## Task objective:
Images are to be left out; everything else in the records gets copied exactly.

═══ Information provided ═══

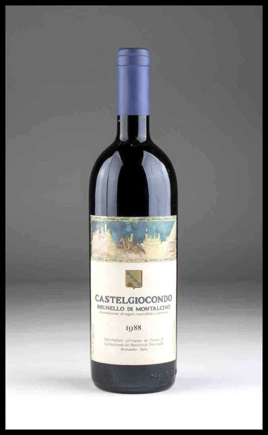Tenuta Castelgiocondo, Brunello di Montalcino Toscana, Brunello di Montalcino DOCG - 1 bottiglia (bt), annata 1988.Livello: spalla bassa (LS), qualità variabile, con prezzi meno elevati. Non insolito per bottiglie di 25 o piu' anni.Condition report: etichetta e capsula in buone condizioni.Note: Annata rara.
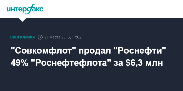 Москва. 21 марта. INTERFAX.RU - ПАО "Совкомфлот" (головная компания одноименной группы) продало НК "Роснефть" 49% ЗАО "Роснефтефлот" летом прошлого года, говорится в отчете компании за 2015 год.
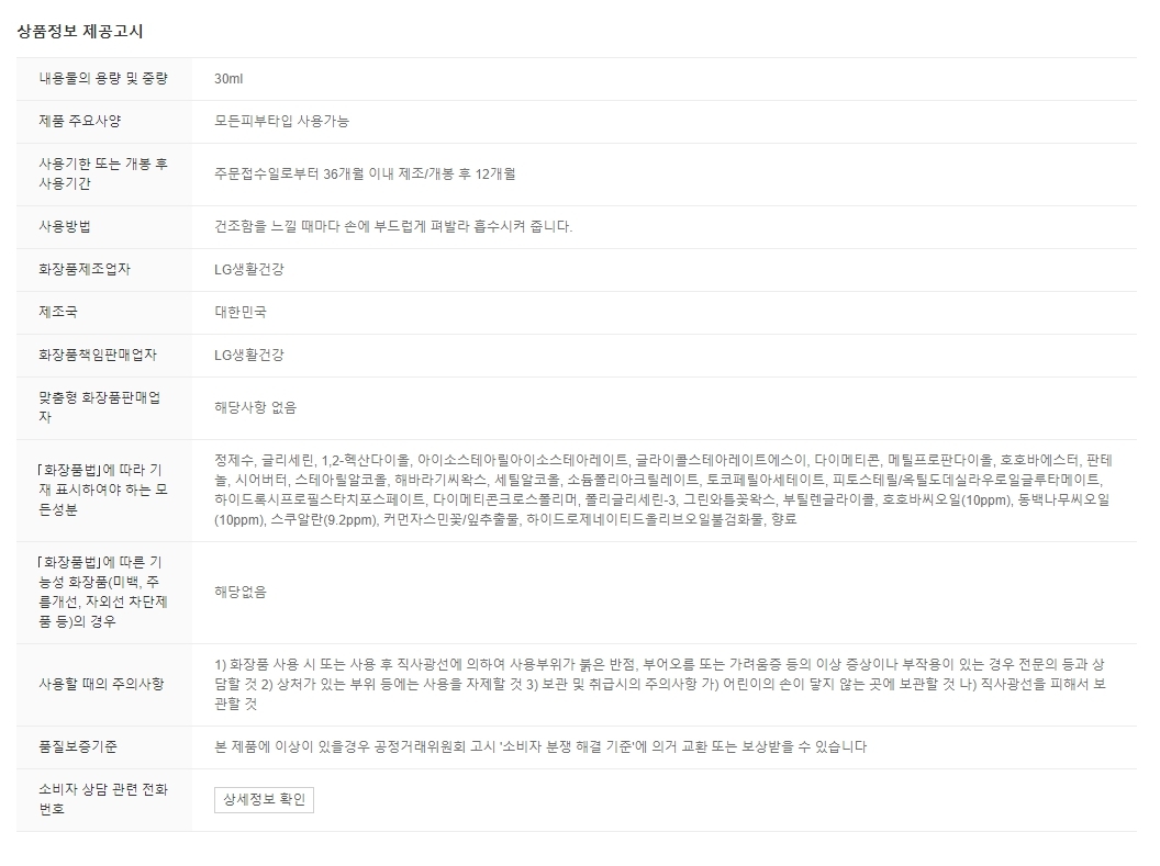 ![]() ![]() 전자상거래 등에서의 상품 등의 정보제공에 관한 고시1. 내용물의 용량 또는 중량 : 상품상세참고 2. 제품 주요 사양 (피부타입, 색상(호, 번) 등) : 상품상세참고 3. 사용기한 또는 개봉 후 사용기간(개봉 후 사용기간을 기재할 경우에는 제조연월일을 병행표기) : 제품에 별도표기 4. 사용방법 : 적당량 덜어 사용 5. 화장품제조업자, 화장품책임판매업자 및 맞춤형화장품판매업자 : 상품상세참고 6. 제조국 : 상품상세참고 7. 「화장품법」에 따라 기재ㆍ표시하여야 하는 모든 성분 : 상품상세참고 8. 「화장품법」에 따른 기능성 화장품(미백, 주름개선, 자외선 차단제품 등)의 경우 “화장품법에 따른 기능성 화장품 심사(또는 보고)를 필함”의 문구 : 상품상세참고 9. 사용할 때의 주의사항 : 고온 또는 저온의 장소 및 직사광선이 닿는 곳에 보관을 피해주세요. 10. 품질보증기준 : 상품상세참고 11. 소비자 상담 관련 전화번호 : 상품상세참고 ![]() |
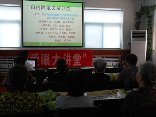 ????6月4日和5日我院以白內障科的張輝大夫為核心的志愿者團隊來到公祥街社區居委會和濟柴社區居委會舉辦以白內障為主題的眼科知識講座,有近百位居民參加。講座結束后,我院的志愿者為居民朋友們送去視力表、眼科常識手冊、眼鏡布及精美紀念品一份,受到了居民朋友的一致好評。??
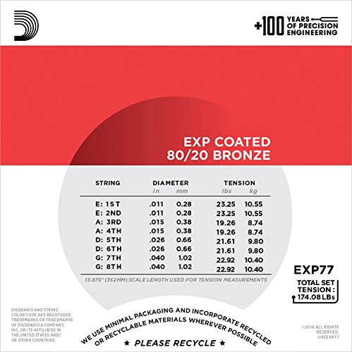 D'Addario EXP77 Coated 80/20 Bronze Mandolin Strings, Medium, 11-40
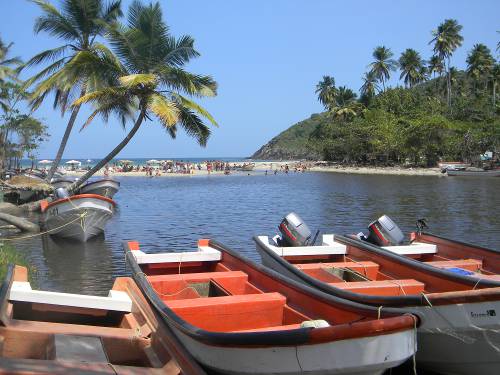La playa de Cuyagua se encuentra a un par de kilómetros del pueblo. Se le llega bordeando el río Cuyagua, en donde hay muchos lugares para acampar y en donde muchos vehículos tienen carpas en su techo. Al final del camino, se encuentra la boca que comunica el río con el mar, en donde verás varias decenas de botes pesqueros. Los cocoteros de la playa permiten que se pueda acampar en carpas. También hay un restaurant con servicio de toldos y comida. No deje de probar el plato especial de pescado.
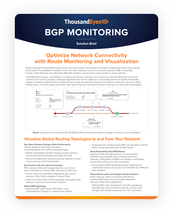 La supervision BGP de ThousandEyes offre une visibilité en temps réel sur les perturbations du routage Internet afin de détecter plus rapidement les failles, d'optimiser les performances et de protéger les expériences digitales à travers votre entreprise.
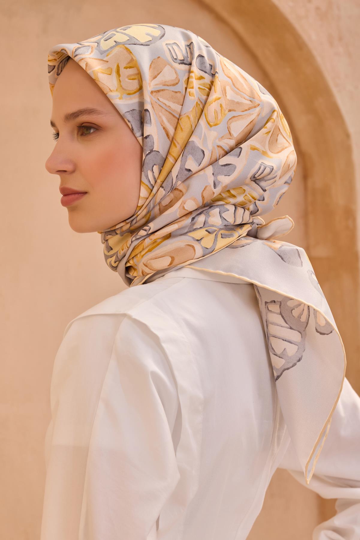 Belli Tivil Saf İpek Eşarp 4114- 85 Gri Karışık Desen
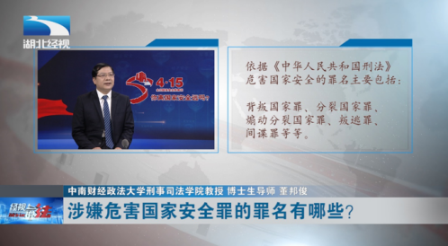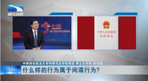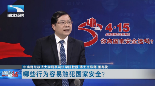 新闻网讯(通讯员 邓翠平)2022年4月15日是第七个全民国家安全教育日。我院副院长、博士生导师董邦俊教授受邀做客湖北经视《经视说法》栏目,向社会大众宣讲国家安全知识。
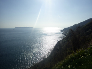 21.灘黒岩水仙郷 4 前方に見える島は沼島で約500人ほどの方が住んでいる。一番多い時は島民2,500人を越えていたそうだ。磯釣りの名所として知られる。 |
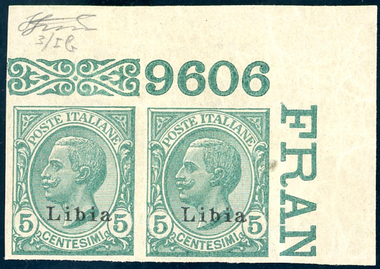 1912 - 5 cent. verde Leoni, non dentellato, soprastampa del II tipo (3/Ib), coppia orizzontale, angolo di foglio superiore destro con numero di tavola 9606, nuova, gomma originale integra, perfetta. Insieme molto raro, probabilmente unico. Ferrario.
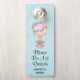 Deurhanger met een schattig ontwerp met een waterverf-illustratie. Een luchtballon versierd met rode en roze bloemen. Een schattig klein wit baby beer zit in de mand. Lichtblauwe achtergrond. Tekst zegt: Gelieve niet storen met gepersonaliseerde tekst.
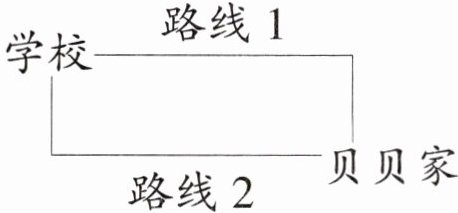 2. 如图,贝贝每天放学回家有两条路线可以走。这两条路线相比,(
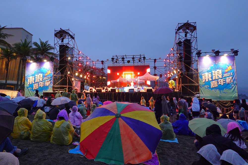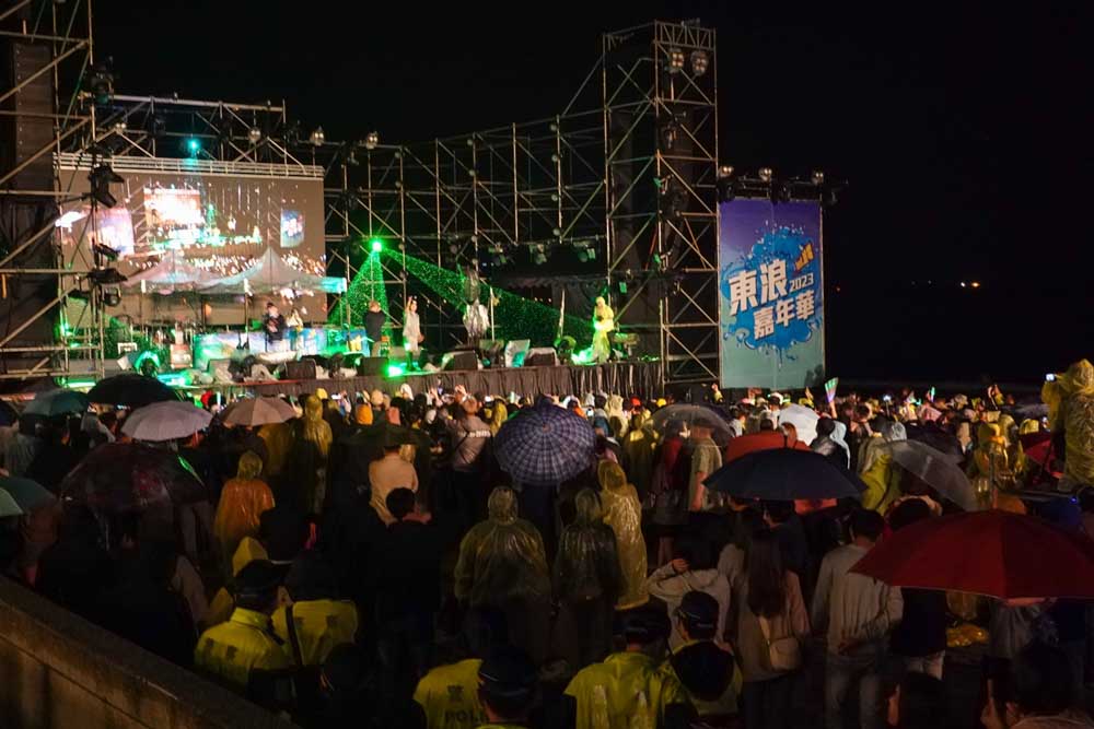 台東縣政府推出「2023東浪嘉年華feat.尬電」系列活動,今年首次加入「尬電」元素,昨(1)日起連續四天在杉原灣盛大開演,晚間則有連續四晚的沙灘音樂會,第一天由「玖壹壹」擔任壓軸,雖然遇到下雨攪局,但仍有不少民眾不畏風雨到現場朝聖,熱情地跟著音樂節奏搖擺,還有三天精彩節目,歡迎鄉親及遊客到場嗨起來,縣府再度呼籲「不開車、少騎車、搭接駁」多加利用。

═══

## Reply:
Tenuta Castelgiocondo, Brunello di Montalcino Toscana, Brunello di Montalcino DOCG - 1 bottiglia (bt), annata 1988.Livello: spalla bassa (LS), qualità variabile, con prezzi meno elevati. Non insolito per bottiglie di 25 o piu' anni.Condition report: etichetta e capsula in buone condizioni.Note: Annata rara.
 Москва. 21 марта. INTERFAX.RU - ПАО "Совкомфлот" (головная компания одноименной группы) продало НК "Роснефть" 49% ЗАО "Роснефтефлот" летом прошлого года, говорится в отчете компании за 2015 год.
 ![]() ![]() 전자상거래 등에서의 상품 등의 정보제공에 관한 고시1. 내용물의 용량 또는 중량 : 상품상세참고 2. 제품 주요 사양 (피부타입, 색상(호, 번) 등) : 상품상세참고 3. 사용기한 또는 개봉 후 사용기간(개봉 후 사용기간을 기재할 경우에는 제조연월일을 병행표기) : 제품에 별도표기 4. 사용방법 : 적당량 덜어 사용 5. 화장품제조업자, 화장품책임판매업자 및 맞춤형화장품판매업자 : 상품상세참고 6. 제조국 : 상품상세참고 7. 「화장품법」에 따라 기재ㆍ표시하여야 하는 모든 성분 : 상품상세참고 8. 「화장품법」에 따른 기능성 화장품(미백, 주름개선, 자외선 차단제품 등)의 경우 “화장품법에 따른 기능성 화장품 심사(또는 보고)를 필함”의 문구 : 상품상세참고 9. 사용할 때의 주의사항 : 고온 또는 저온의 장소 및 직사광선이 닿는 곳에 보관을 피해주세요. 10. 품질보증기준 : 상품상세참고 11. 소비자 상담 관련 전화번호 : 상품상세참고 ![]() |
 ????6月4日和5日我院以白內障科的張輝大夫為核心的志愿者團隊來到公祥街社區居委會和濟柴社區居委會舉辦以白內障為主題的眼科知識講座,有近百位居民參加。講座結束后,我院的志愿者為居民朋友們送去視力表、眼科常識手冊、眼鏡布及精美紀念品一份,受到了居民朋友的一致好評。??
 D'Addario EXP77 Coated 80/20 Bronze Mandolin Strings, Medium, 11-40
La playa de Cuyagua se encuentra a un par de kilómetros del pueblo. Se le llega bordeando el río Cuyagua, en donde hay muchos lugares para acampar y en donde muchos vehículos tienen carpas en su techo. Al final del camino, se encuentra la boca que comunica el río con el mar, en donde verás varias decenas de botes pesqueros. Los cocoteros de la playa permiten que se pueda acampar en carpas. También hay un restaurant con servicio de toldos y comida. No deje de probar el plato especial de pescado.
 La supervision BGP de ThousandEyes offre une visibilité en temps réel sur les perturbations du routage Internet afin de détecter plus rapidement les failles, d'optimiser les performances et de protéger les expériences digitales à travers votre entreprise.
 Belli Tivil Saf İpek Eşarp 4114- 85 Gri Karışık Desen
 新闻网讯(通讯员 邓翠平)2022年4月15日是第七个全民国家安全教育日。我院副院长、博士生导师董邦俊教授受邀做客湖北经视《经视说法》栏目,向社会大众宣讲国家安全知识。
 21.灘黒岩水仙郷 4 前方に見える島は沼島で約500人ほどの方が住んでいる。一番多い時は島民2,500人を越えていたそうだ。磯釣りの名所として知られる。 |
 1912 - 5 cent. verde Leoni, non dentellato, soprastampa del II tipo (3/Ib), coppia orizzontale, angolo di foglio superiore destro con numero di tavola 9606, nuova, gomma originale integra, perfetta. Insieme molto raro, probabilmente unico. Ferrario.
 Deurhanger met een schattig ontwerp met een waterverf-illustratie. Een luchtballon versierd met rode en roze bloemen. Een schattig klein wit baby beer zit in de mand. Lichtblauwe achtergrond. Tekst zegt: Gelieve niet storen met gepersonaliseerde tekst.
 2. 如图,贝贝每天放学回家有两条路线可以走。这两条路线相比,(
 台東縣政府推出「2023東浪嘉年華feat.尬電」系列活動,今年首次加入「尬電」元素,昨(1)日起連續四天在杉原灣盛大開演,晚間則有連續四晚的沙灘音樂會,第一天由「玖壹壹」擔任壓軸,雖然遇到下雨攪局,但仍有不少民眾不畏風雨到現場朝聖,熱情地跟著音樂節奏搖擺,還有三天精彩節目,歡迎鄉親及遊客到場嗨起來,縣府再度呼籲「不開車、少騎車、搭接駁」多加利用。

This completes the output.